#### WORK TASK
Copy, word for word, the lines below from the one containing "- the detection" up to and including the one containing "Задняя панель телевизора", with pictures left out.

#### EXTRACTED RECORDS
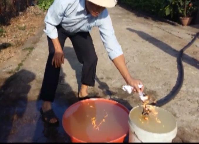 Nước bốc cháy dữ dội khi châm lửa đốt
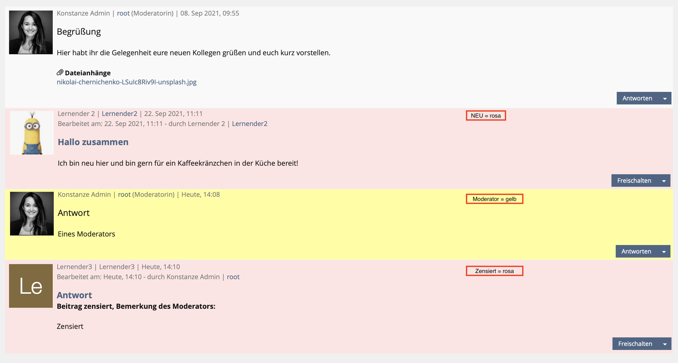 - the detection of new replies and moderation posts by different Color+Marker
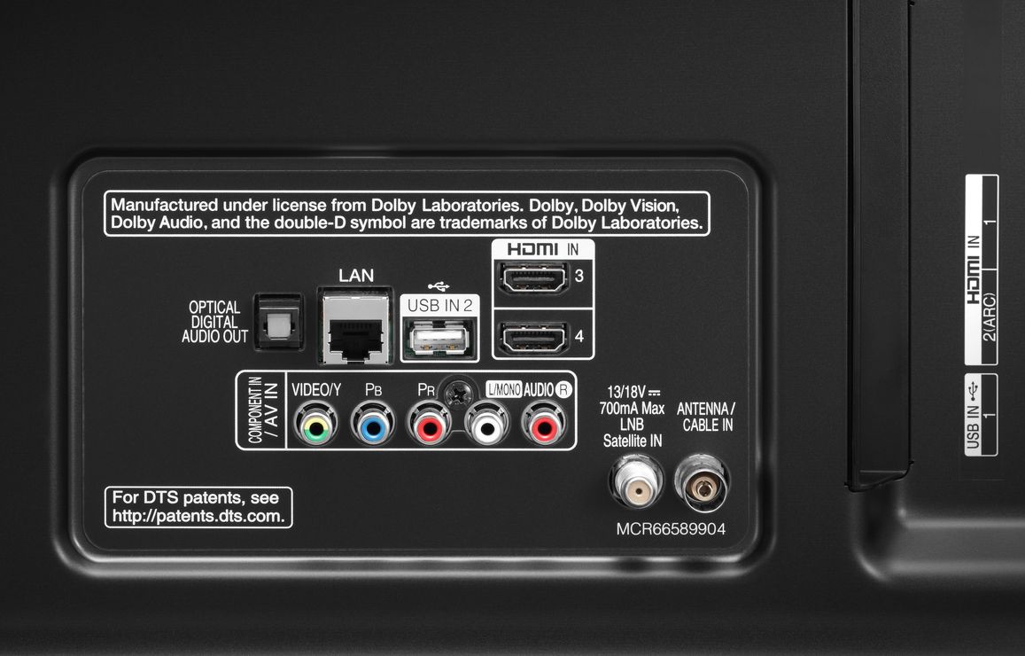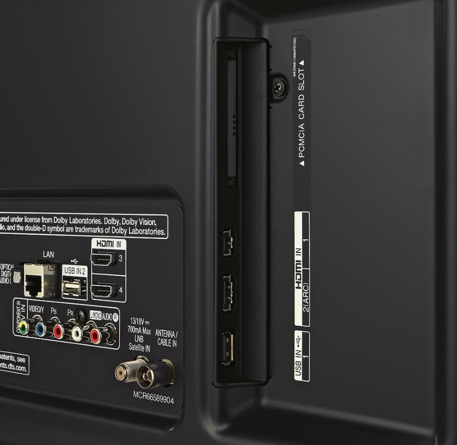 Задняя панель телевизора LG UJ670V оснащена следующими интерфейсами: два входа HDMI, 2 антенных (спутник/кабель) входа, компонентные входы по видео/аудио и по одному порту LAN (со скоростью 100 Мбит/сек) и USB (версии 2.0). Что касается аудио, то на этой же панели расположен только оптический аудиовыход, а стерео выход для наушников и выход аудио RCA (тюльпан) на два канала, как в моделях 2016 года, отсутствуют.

---

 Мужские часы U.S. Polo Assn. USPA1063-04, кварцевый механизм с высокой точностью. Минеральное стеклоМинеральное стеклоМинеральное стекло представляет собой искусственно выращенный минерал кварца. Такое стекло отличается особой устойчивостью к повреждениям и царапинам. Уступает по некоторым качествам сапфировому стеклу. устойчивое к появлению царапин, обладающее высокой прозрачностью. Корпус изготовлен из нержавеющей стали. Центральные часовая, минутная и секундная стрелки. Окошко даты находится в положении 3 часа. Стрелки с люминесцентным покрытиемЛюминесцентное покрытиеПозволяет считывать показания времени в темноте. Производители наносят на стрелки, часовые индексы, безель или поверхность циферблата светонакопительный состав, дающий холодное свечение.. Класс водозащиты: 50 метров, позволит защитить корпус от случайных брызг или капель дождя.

#### OUTPUT OF THE TASK
 - the detection of new replies and moderation posts by different Color+Marker
 Задняя панель телевизора LG UJ670V оснащена следующими интерфейсами: два входа HDMI, 2 антенных (спутник/кабель) входа, компонентные входы по видео/аудио и по одному порту LAN (со скоростью 100 Мбит/сек) и USB (версии 2.0). Что касается аудио, то на этой же панели расположен только оптический аудиовыход, а стерео выход для наушников и выход аудио RCA (тюльпан) на два канала, как в моделях 2016 года, отсутствуют.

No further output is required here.